Spark 之 expression

##.

复制代码
/**
 * Returns the number of days from startDate to endDate.
 */
@ExpressionDescription(
  usage = "_FUNC_(endDate, startDate) - Returns the number of days from `startDate` to `endDate`.",
  examples = """
    Examples:
      > SELECT _FUNC_('2009-07-31', '2009-07-30');
       1

      > SELECT _FUNC_('2009-07-30', '2009-07-31');
       -1
  """,
  group = "datetime_funcs",
  since = "1.5.0")
case class DateDiff(endDate: Expression, startDate: Expression)
  extends BinaryExpression with ImplicitCastInputTypes with NullIntolerant {

  override def left: Expression = endDate
  override def right: Expression = startDate
  override def inputTypes: Seq[AbstractDataType] = Seq(DateType, DateType)
  override def dataType: DataType = IntegerType

  override def nullSafeEval(end: Any, start: Any): Any = {
    end.asInstanceOf[Int] - start.asInstanceOf[Int]
  }

  override def doGenCode(ctx: CodegenContext, ev: ExprCode): ExprCode = {
    defineCodeGen(ctx, ev, (end, start) => s"$end - $start")
  }

  override protected def withNewChildrenInternal(
      newLeft: Expression, newRight: Expression): DateDiff =
    copy(endDate = newLeft, startDate = newRight)
}
允许有默认参数的表达式
复制代码
// scalastyle:off line.size.limit
@ExpressionDescription(
  usage = "_FUNC_([sourceTz, ]targetTz, sourceTs) - Converts the timestamp without time zone `sourceTs` from the `sourceTz` time zone to `targetTz`. ",
  arguments = """
    Arguments:
      * sourceTz - the time zone for the input timestamp.
                   If it is missed, the current session time zone is used as the source time zone.
      * targetTz - the time zone to which the input timestamp should be converted
      * sourceTs - a timestamp without time zone
  """,
  examples = """
    Examples:
      > SELECT _FUNC_('Europe/Brussels', 'America/Los_Angeles', timestamp_ntz'2021-12-06 00:00:00');
       2021-12-05 15:00:00
      > SELECT _FUNC_('Europe/Brussels', timestamp_ntz'2021-12-05 15:00:00');
       2021-12-06 00:00:00
  """,
  group = "datetime_funcs",
  since = "3.4.0")
// scalastyle:on line.size.limit
case class ConvertTimezone(
    sourceTz: Expression,
    targetTz: Expression,
    sourceTs: Expression)
  extends TernaryExpression with ImplicitCastInputTypes with NullIntolerant {

  def this(targetTz: Expression, sourceTs: Expression) =
    this(CurrentTimeZone(), targetTz, sourceTs)
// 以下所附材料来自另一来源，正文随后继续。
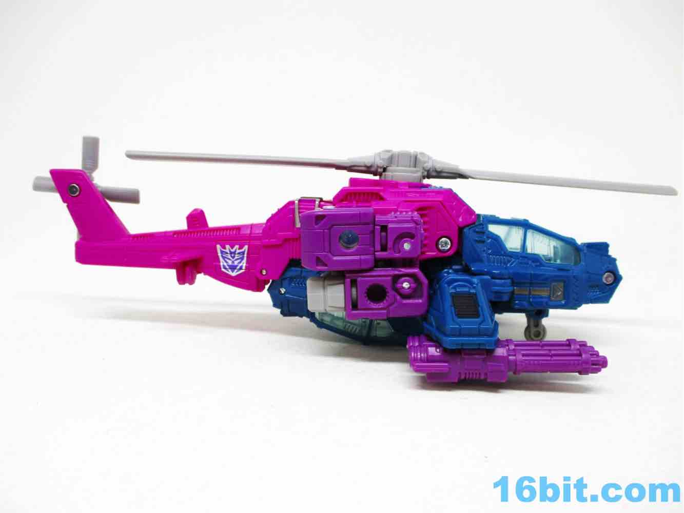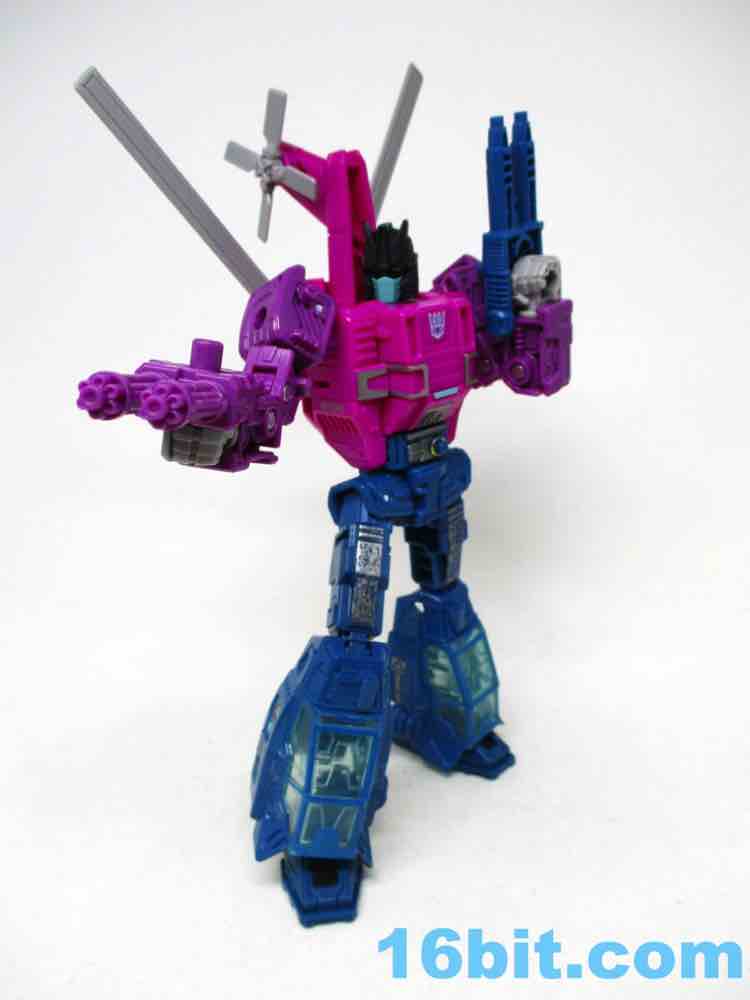 This was a tricky transformation - I had to pick up the instructions pretty quickly. The unusual feet resulted in numerous twists and turns, with one of the shins having to be tucked under the chopper body just-so. And it barely works, I had to massage it in place to make it fit right. The chest and back propeller require a pretty fascinating level of gymnastics for a deluxe toy, with this coming off as decades beyond the complexity you got out of Alpha Bravo (and Vortex and Blades) a few years ago. That was a simple toy - this is one that requires some patience. Kudos to the designers for coming up with a wildly different transformation, complete with a landing skid to boot.

  override def first: Expression = sourceTz
  override def second: Expression = targetTz
  override def third: Expression = sourceTs

  override def inputTypes: Seq[AbstractDataType] = Seq(StringType, StringType, TimestampNTZType)
  override def dataType: DataType = TimestampNTZType

  override def nullSafeEval(srcTz: Any, tgtTz: Any, micros: Any): Any = {
    DateTimeUtils.convertTimestampNtzToAnotherTz(
      srcTz.asInstanceOf[UTF8String].toString,
      tgtTz.asInstanceOf[UTF8String].toString,
      micros.asInstanceOf[Long])
  }

  override def doGenCode(ctx: CodegenContext, ev: ExprCode): ExprCode = {
    val dtu = DateTimeUtils.getClass.getName.stripSuffix("$")
    defineCodeGen(ctx, ev, (srcTz, tgtTz, micros) =>
      s"""$dtu.convertTimestampNtzToAnotherTz($srcTz.toString(), $tgtTz.toString(), $micros)""")
  }

  override def prettyName: String = "convert_timezone"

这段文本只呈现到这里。